[Opening SOURCE MATERIAL section]

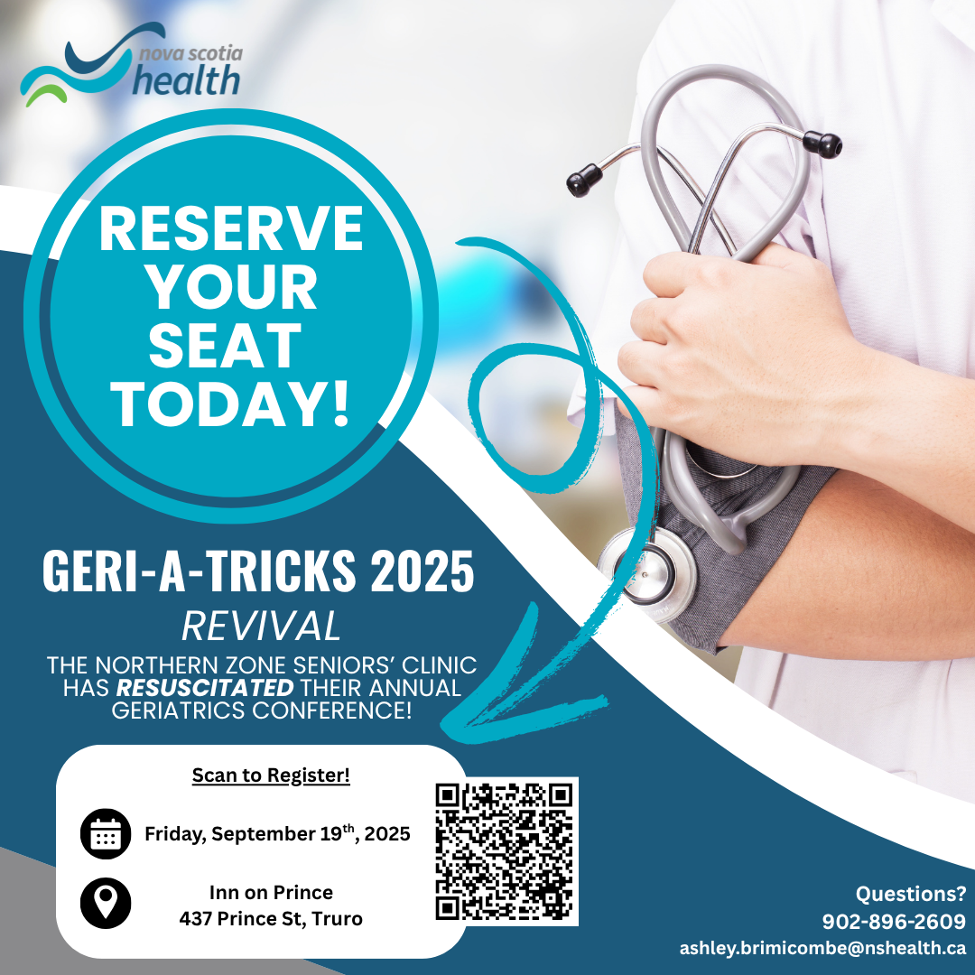 The Northern Zone Seniors’ Clinic is bringing back its popular geriatrics conference with Geri-A-Tricks Revival on Thursday, Sept. 19 at the Inn on Prince Hotel & Conference Centre in Truro.
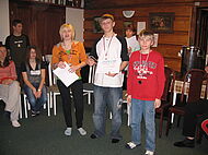 Nach dem Wettkampf wurden alle Skirennläufer auf einen Skilagernamen getauft. Zur Skitaufe gehörte ein geheimes Ritual, welches wir den nachfolgenden Jahrgängen nicht verraten … . Am Abend fand noch ein kleines Abschiedsfest statt, bei dem jedes Zimmer einen Beitrag leistete. Es wurde gespielt, geraten, gesungen und gedichtet. Die 7 Tage in Rokytnice gingen herum wie eine Abfahrt auf der schwarzen Piste. Uns hat es allen viel Spaß gemacht, auch wenn wir noch nicht Profis geworden sind. Am Sonnabend kehrten wir wieder fröhlich und müde nach Rudolstadt zurück. Vielen Dank an Frau Weise und Herrn Treuter. Mit Ihnen hat es richtig Spaß gemacht in den Bergen von Tschechien.
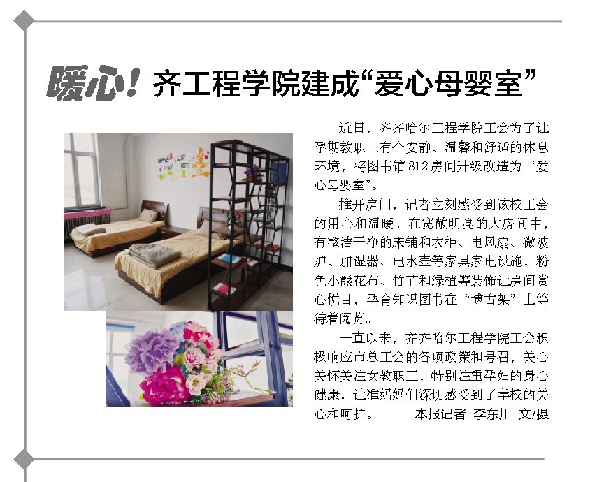 鹤城晚报:暖心!齐工程学院建成“爱心母婴室”

[Closing SOURCE MATERIAL section]

PROBLEM TO SOLVE →
Without including any images, output the data exactly as given.

RESPONSE FOR THIS EXERCISE →
 The Northern Zone Seniors’ Clinic is bringing back its popular geriatrics conference with Geri-A-Tricks Revival on Thursday, Sept. 19 at the Inn on Prince Hotel & Conference Centre in Truro.
 Nach dem Wettkampf wurden alle Skirennläufer auf einen Skilagernamen getauft. Zur Skitaufe gehörte ein geheimes Ritual, welches wir den nachfolgenden Jahrgängen nicht verraten … . Am Abend fand noch ein kleines Abschiedsfest statt, bei dem jedes Zimmer einen Beitrag leistete. Es wurde gespielt, geraten, gesungen und gedichtet. Die 7 Tage in Rokytnice gingen herum wie eine Abfahrt auf der schwarzen Piste. Uns hat es allen viel Spaß gemacht, auch wenn wir noch nicht Profis geworden sind. Am Sonnabend kehrten wir wieder fröhlich und müde nach Rudolstadt zurück. Vielen Dank an Frau Weise und Herrn Treuter. Mit Ihnen hat es richtig Spaß gemacht in den Bergen von Tschechien.
 鹤城晚报:暖心!齐工程学院建成“爱心母婴室”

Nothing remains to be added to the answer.